Кэндзи поднял правую руку. Поворотом запястья — тем поворотом, которому учат не ради удара, а ради чистоты движения, — провёл клинком по своей собственной оси. Один раз. От ключицы вниз через грудь, в живот, до паха — по линии, на которой у живого человека ось дыхания, ось крови, ось самосознания. Не разрез плоти — разрез по оси.
Нет ни плоти, ни крови — там, где идёт меч.
Меч вошёл в ось и родился.
Через долю секунды пришла ударная волна.
Дом Кэндзи перестал существовать как дом. Стены ушли в пыль. Потолок ушёл в небо. Меч ушёл в воздух. Куро — собака сиба-ину, чёрно-рыжая — ушёл в свет вместе с домом, ничего не зная и не понимая, как это бывает у собак, и это было его последним хвостом в этой программе.
От Кэндзи на стене соседнего дома — той, что устояла, потому что отстояла на полтора километра дальше — остался силуэт. В науке это позже назовут «тенями Хиросимы»: люди, испарившиеся в момент вспышки, оставили на стенах за собой тёмные следы — там, где их тела на доли секунды защитили стену от прямой засветки. Силуэт Кэндзи — стоящего, с правой рукой поднятой, с мечом, идущим вниз по оси — простоял на этой стене два года. Потом стена обрушилась при разборе обломков, и силуэт исчез.
* * *
В Киото в семь часов восемь минут утра Юкико сидела за станком.

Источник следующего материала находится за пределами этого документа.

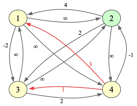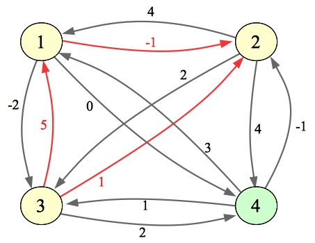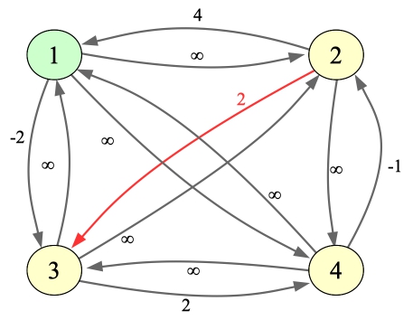 As you can see, there is one place where SP is improved. I'll update the drawing and the matrix below. I've colored the changed edges/values in red, and I colored node 1 in green to show that it was the intermediate node in these paths: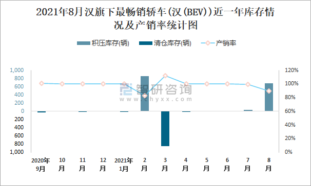 2021年8月漢旗下最暢銷車(漢(BEV))近一年庫存情況及產銷率統計圖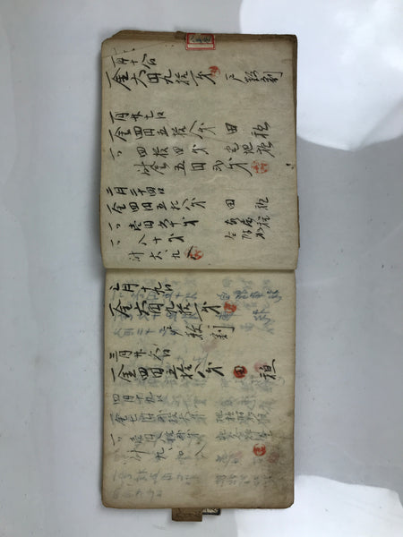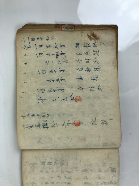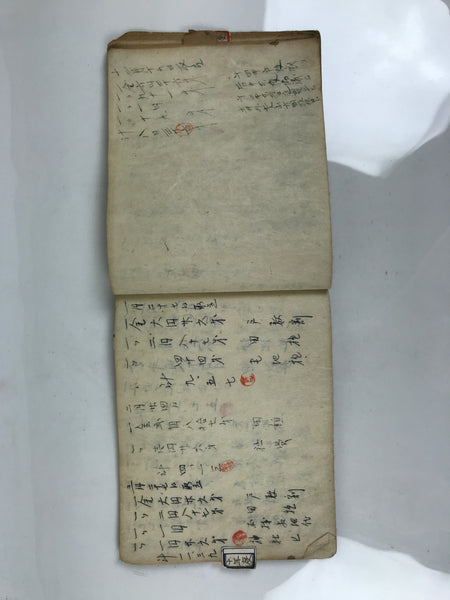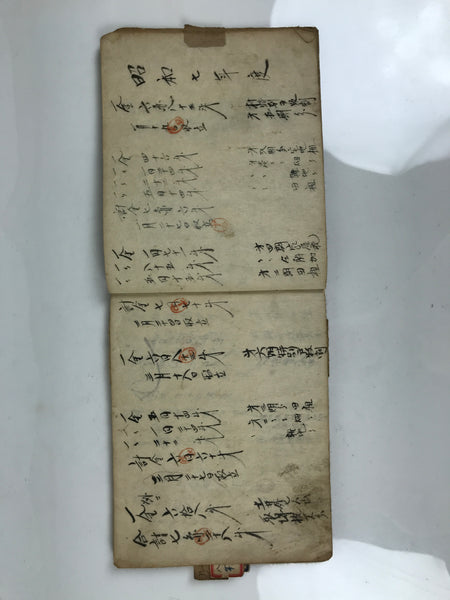 This is a vintage Japanese tax record book called nozei tsuchicho in Japanese. It is made of washi paper and is handwritten. It contains a list of different taxes, amounts and dates, and covers the fiscal (?) years Showa 7(1932) to 11 (1936).
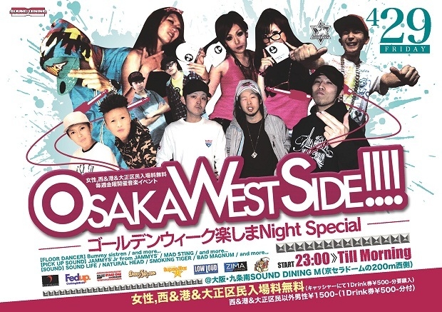※【最新イベント内容、情報などはコメント欄をご覧ください】 女性,西&港&大正区民入場料無料毎週金曜OSAKA WEST SIDE開催! 大阪・九条南SOUND DINING M(京セラDomeの200m西) 〜RUB−A−DUB オープンマイク〜 早い時間はゆっくりしたLOVERS,R&Bから、後半はOLDES〜BRAND NEW までレゲエ好きはもちろん、レゲエを知らない人も楽しめる内容です! クラブ初心者やクラブデビューの方にもお勧めです! ! レゲエダンスを知らなくてもメインタイムのダンスチューンはみんなで レクチャーありなので安心です! START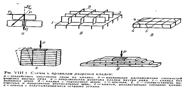Для улучшения теплотехнических показателей кладки пользуются легкими растворами, которые в отличие от обычных тяжелых имеют вместо кварцевого песка шлаковый или пемзовый. В зависимости от прочности на сжатие установлены марки растворов 4...300. Существенное значение имеет подвижность раствора, выражаемая величиной погружения стандартного конуса в сантиметрах. Растворы с большой подвижностью обеспечивают более высокую производительность труда при кладке. Для повышения подвижности и водоудерживающей способности к жестким цементным растворам добавляют пластификаторы — сульфитно-спиртовую барду, мылонафт и др. Подвижность раствора для кирпича и мелких блоков должна быть в пределах 9...13 см, при наличии в них пустот — 7...8 см, для бутовой кладки — 4...6 см; для заливки швов этой кладки — 13...15 см. В зависимости от принятой отделки поверхности стен швы между отдельными камнями полностью заполняют раствором, придавая им определенную форму расшивкой, или оставляют незаполненными на глубину 1...1.5 см. Соответственно кладка носит название под расшивку и впустошовку. Кладку, выполненную впустошовку, впоследствии оштукатуривают или облицовывают. Согласно нормативным требованиям, для кирпича и камней правильной формы толщина горизонтальных швов должна быть не менее 10 и не более 15 мм (средняя 12), вертикальных в пределах 8...15 мм (средняя 10). Развитие каменных работ происходит в тесной связи науки с производством. Наряду с совершенствованием технологии и организации каменных работ развиваются индустриальные методы возведения каменных конструкций с использованием для кладки стен вместо мелкоштучных камней крупных кирпичных блоков и виброкирпичных панелей. Правила разрезки каменной кладки. Для обеспечения работы кладки как монолитного массива и предотвращения перемещения камней под действием нагрузок в процессе эксплуатации конструкции необходимо располагать их, соблюдая определенные условия, которые принято называть правилами разрезки. Первое правило — кладку необходимо вести рядами, ограниченными плоскостями, перпендикулярными направлению действующих сил. Руководствуясь этим правилом, каменную кладку, воспринимающую вертикальные нагрузки, ведут горизонтальными рядами. В арках и сводах плоскости, ограничивающие ряды кладки, должны быть перпендикулярными к кривой давления. При этом обеспечивается работа камней на сжатие и исключаются сдвигающие усилия. Допустимое отклонение перпендикуляра к плоскостям, ограничивающим ряды кладки, с направлением действующих сил, выражаемое углом не должно превышать 15...17°. Величину этого угла определяют из условия уравновешивания сдвигающего усилия от действия наклонной силы и противодействующей ему силы трения. Второе правило — внутри каждого ряда боковые грани камней должны образовывать две системы взаимно перпендикулярных плоскостей. При этом одна система плоскостей должна быть перпендикулярна постели и лицевой поверхности кладки, а вторая — параллельна лицевой поверхности и перпендикулярна постели. Эти плоскости образуют в кладке вертикальные поперечные и продольные швы. Если боковые грани камней в нарушение этого правила будут расположены наклонно, то они, уподобляясь клину, под действием нагрузок могут раздвинуть соседние камни, а кромки камней с острыми углами откол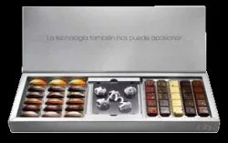 Das exklusive Set enthält 36 Schokoladen in 12 verschiedenen Sorten und Texturen. Dazu kommen noch 10 sogenannte Lioschokoladen mit den unterschiedlichsten Gewürzen und Kräutern. Eine CD macht die stimmungsvolle Komposition aus optischen und geschmacklichen Genüssen komplett. Sie zeigt den schokoladigen Feinschmeckern die Reise des Kakaos, von seinen Ursprüngen bis zur Verarbeitung durch Oriol Balaguer.

Она ткала десятый ряд узора. В правой руке — челнок с золотой нитью, в левой — счётный шнурок. Узор шёл ровно, нити ложились без задеваний.
В девять секунд после того, как в Хиросиме произошла вспышка, в Киото у Юкико порвалась нить.
Это была золотая нить, основной шов узора. Она порвалась не у челнока, не на станке — посередине, в воздухе, между пальцами Юкико. Просто рассеклась, без причины. Юкико смотрела на пальцы. Кончики нити лежали отдельно — две части одной длинной золотой нити, безупречной до этого утра.
Юкико встала.
Подошла к окну своего дома в Киото. Окно выходило на юго-юго-запад. Хиросима — на юго-юго-западе, в трёхстах пятидесяти километрах. Юкико не знала, что в Хиросиме что-то произошло. Она просто посмотрела на юго-юго-запад.
И знала.
Не «знала, что взорвалась бомба» — про бомбы такого размера ещё никто из японцев не знал. Знала другое: что-то закончилось. Какая-то её часть — где-то, не в Киото, не в её теле, в каком-то третьем месте, — перестала быть. Юкико это знание держала в груди ровно, без слёз, без вопросов.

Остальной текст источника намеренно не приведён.